WiFiClient espClient;
PubSubClient mqtt_client(espClient);

void connectToWiFi();

void connectToMQTTBroker();

void mqttCallback(char *topic, byte *payload, unsigned int length);

void setup() {
    Serial.begin(115200);
    connectToWiFi();
    mqtt_client.setServer(mqtt_broker, mqtt_port);
    mqtt_client.setCallback(mqttCallback);
    connectToMQTTBroker();
}

void connectToWiFi() {
    WiFi.begin(ssid, password);
    Serial.print("Connecting to WiFi");
    while (WiFi.status() != WL_CONNECTED) {
        delay(500);
        Serial.print(".");
    }
    Serial.println("\nConnected to the WiFi network");
}

void connectToMQTTBroker() {
    while (!mqtt_client.connected()) {
        String client_id = "esp8266-client-" + String(WiFi.macAddress());
        Serial.printf("Connecting to MQTT Broker as %s.....\n", client_id.c_str());
        if (mqtt_client.connect(client_id.c_str(), mqtt_username, mqtt_password)) {
            Serial.println("Connected to MQTT broker");
            mqtt_client.subscribe(mqtt_topic);
            // Publish message upon successful connection
            mqtt_client.publish(mqtt_topic, "Hi EMQX I'm ESP8266 ^^");
        } else {
            Serial.print("Failed to connect to MQTT broker, rc=");
            Serial.print(mqtt_client.state());
            Serial.println(" try again in 5 seconds");
            delay(5000);
        }
    }
}

void mqttCallback(char *topic, byte *payload, unsigned int length) {
    Serial.print("Message received on topic: ");
    Serial.println(topic);
    Serial.print("Message:");
    for (unsigned int i = 0; i < length; i++) {
        Serial.print((char) payload[i]);
    }
    Serial.println();
    Serial.println("-----------------------");
}

void loop() {
    if (!mqtt_client.connected()) {
        connectToMQTTBroker();
    }
    mqtt_client.loop();
}

Connection and Testing

Uploading the Code to ESP8266

Copy the full code into the Arduino IDE, then upload it to your ESP8266 development board. Open the serial monitor, and you can see the ESP8266 board connecting to the Wi-Fi network and then to the MQTT broker.

Using MQTTX to Send Messages to ESP8266

To test this functionality, you can use any MQTT client software (like MQTTX) to connect to the same MQTT broker and send messages to the topic subscribed by ESP8266.

Then, you can see these messages being correctly received and displayed in the ESP8266's serial output, which is a good way to check if the communication is successful.

Conclusion

In this tutorial, we explored how to connect an MQTT broker with the ESP8266 Wi-Fi module, which is a common scenario in IoT projects.
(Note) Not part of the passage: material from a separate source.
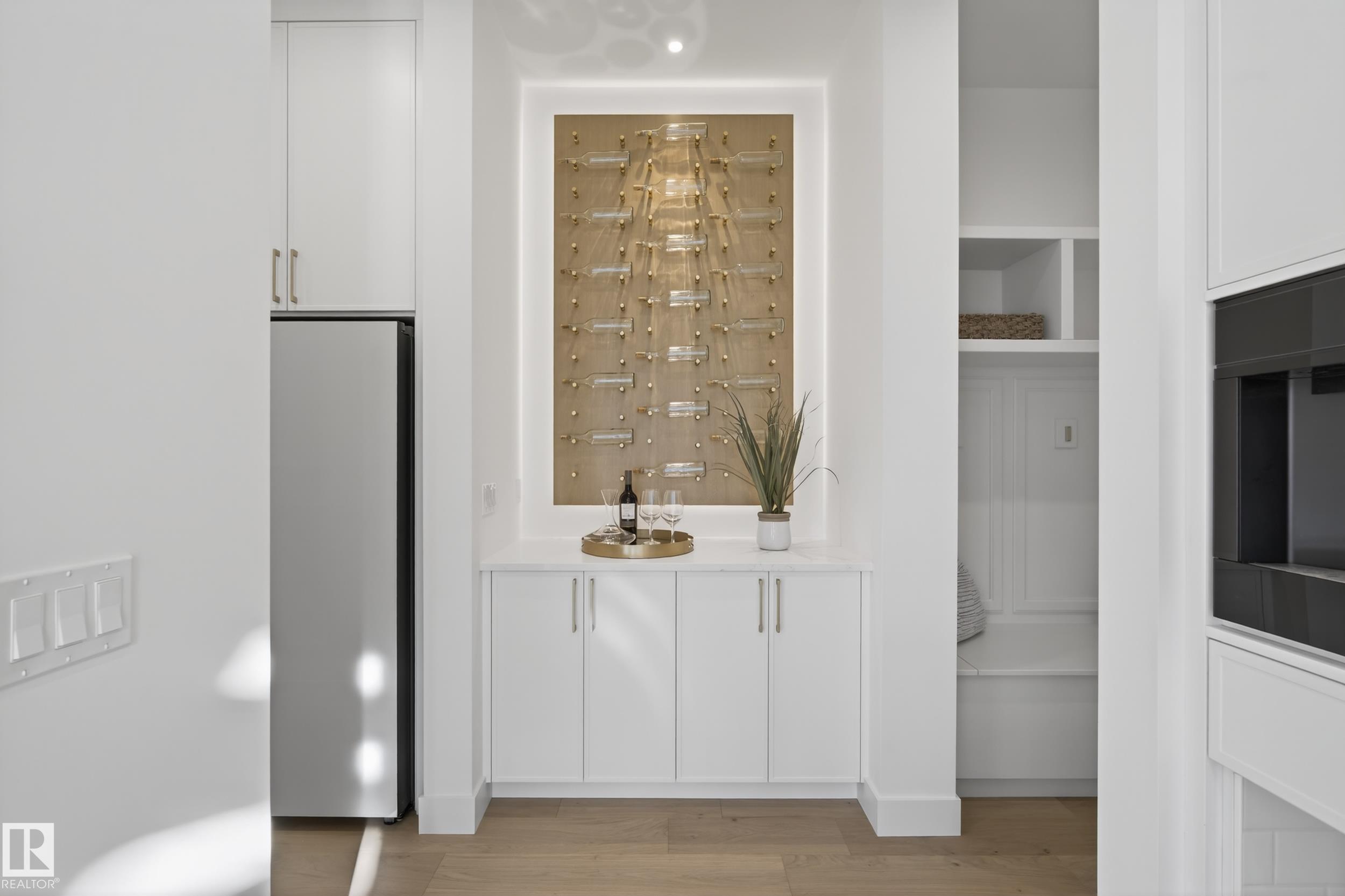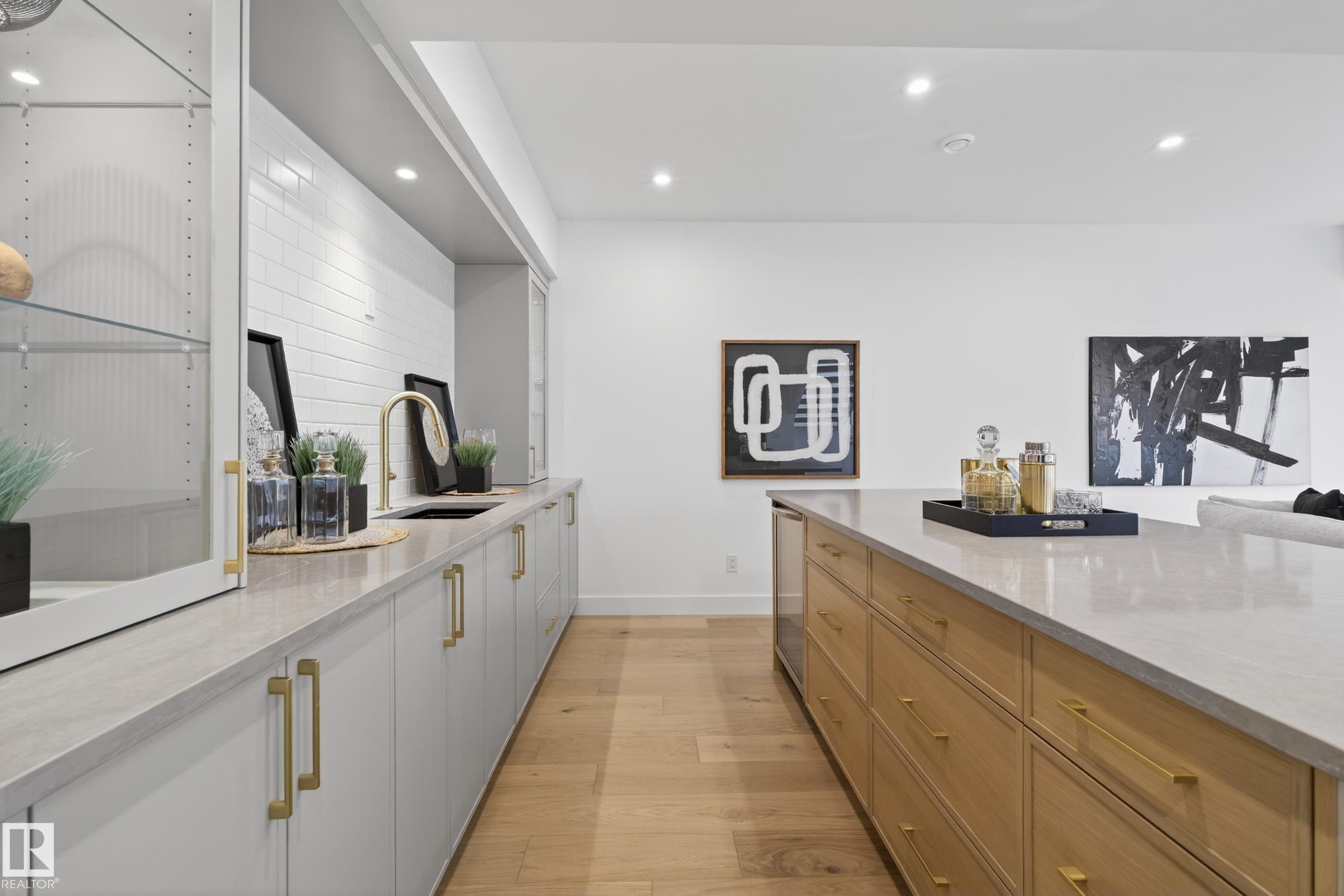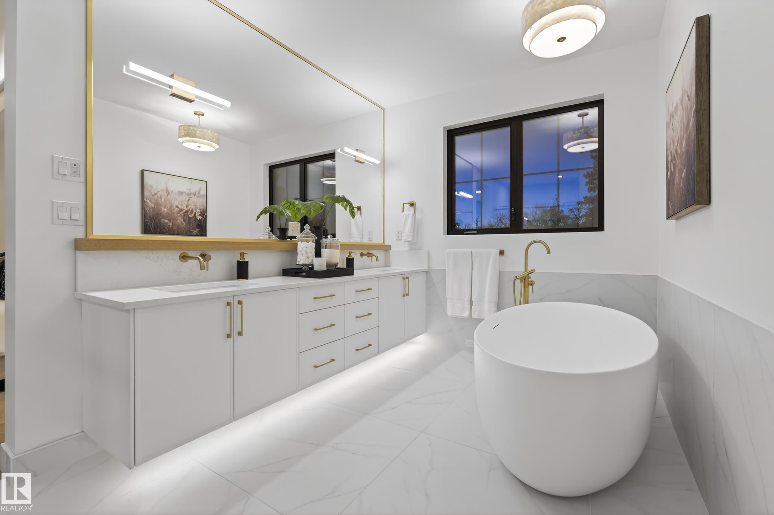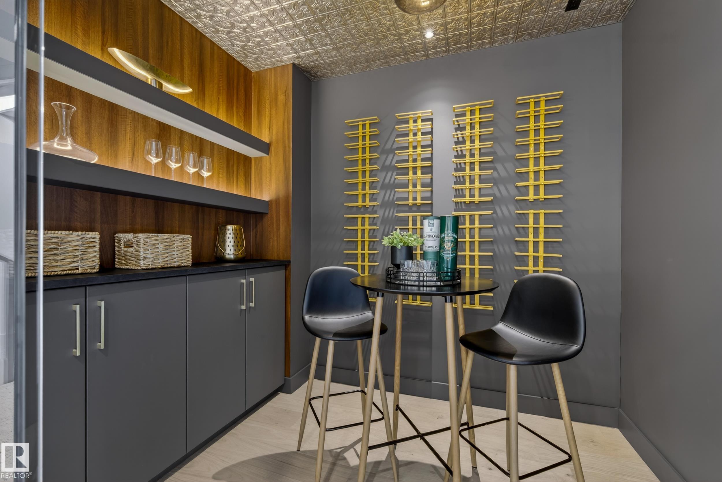 Architecturally striking luxury residence by Evolution Custom Homes showcasing refined design and exceptional craftsmanship throughout. Dramatic 10 ft ceilings, an open rise feature staircase, solid core 8 ft doors, drywall window returns and a statement 48 inch gas fireplace create an elevated main living experience. The chef's kitchen features white oak custom cabinetry, a premium JennAir and Miele integrated appliance package, a 14 ft dual waterfall island, full height quartz backsplash, butler's pantry and built in coffee station. A rare fumoir (cigar and brandy room) is professionally vented and roughed in for a humidor. The oversized heated garage is designed for enthusiasts with car lift capability, EV charging, workshop space, custom storage and hot and cold taps. Two private rooftop terraces offer integrated lighting plus gas and water rough ins, ideal for entertaining. A truly, one of a kind property in Edmonton's most elite, river-valley neighbourhoods.

Using the MQTT protocol, the ESP8266 can serve as a powerful node in an IoT network, handling data transmission and reception. This not only enhances device interoperability but also provides a broad platform for developing various IoT applications. You can use this foundation to expand more functions, such as integrating sensors, executing more complex commands, or interacting with other services.